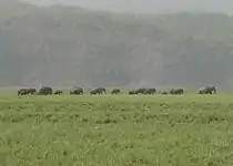 Two villages situated on the southern boundary were shifted to the Firozpur–Manpur area situated on Ramnagar–Kashipur highway during 1990–93; the vacated areas were designated as buffer zones.[27] The families in these villages were mostly dependent on forest products.[27] With the passage of time, these areas began to show signs of ecological recovery.[27] Vines, herbs, grasses and small trees began to appear, followed by herbaceous flora, eventually leading to natural forest type.[27] It was observed that grass began to grow on the vacated agricultural fields and the adjoining forest areas started recuperating.[27] By 1999–2002 several plant species emerged in these buffer zones.[27] The newly arisen lush green fields attracted grass eating animals, mainly deer and elephants, who slowly migrated towards these areas and even preferred to stay there throughout the monsoon.[27]
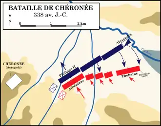 La bataille de Chéronée est une bataille ayant opposé en Béotie, le , Philippe II à une coalition de cités grecques menée par Athènes et Thèbes. Remportée par l'armée macédonienne, cette bataille consacre la domination macédonienne sur la péninsule grecque.
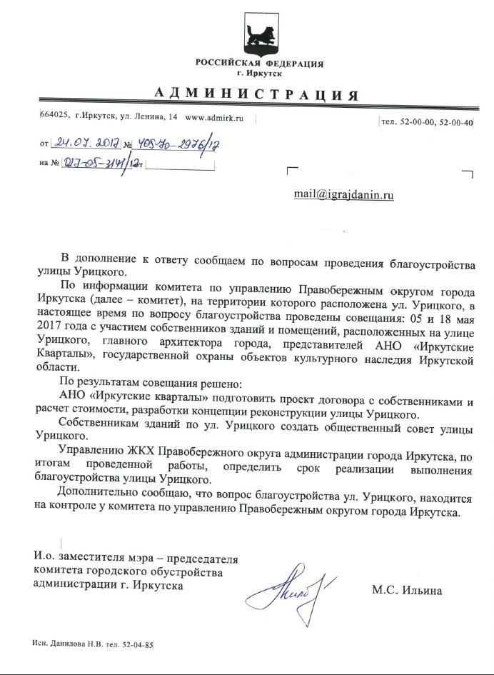 айГражданинОтправлено 25.05.2017: "Администрация города Иркутска"

#####

### TASK TO CARRY OUT
Line by line, write out the material above exactly, with no images.

### COMPLETED EXERCISE
 Two villages situated on the southern boundary were shifted to the Firozpur–Manpur area situated on Ramnagar–Kashipur highway during 1990–93; the vacated areas were designated as buffer zones.[27] The families in these villages were mostly dependent on forest products.[27] With the passage of time, these areas began to show signs of ecological recovery.[27] Vines, herbs, grasses and small trees began to appear, followed by herbaceous flora, eventually leading to natural forest type.[27] It was observed that grass began to grow on the vacated agricultural fields and the adjoining forest areas started recuperating.[27] By 1999–2002 several plant species emerged in these buffer zones.[27] The newly arisen lush green fields attracted grass eating animals, mainly deer and elephants, who slowly migrated towards these areas and even preferred to stay there throughout the monsoon.[27]
 La bataille de Chéronée est une bataille ayant opposé en Béotie, le , Philippe II à une coalition de cités grecques menée par Athènes et Thèbes. Remportée par l'armée macédonienne, cette bataille consacre la domination macédonienne sur la péninsule grecque.
 айГражданинОтправлено 25.05.2017: "Администрация города Иркутска"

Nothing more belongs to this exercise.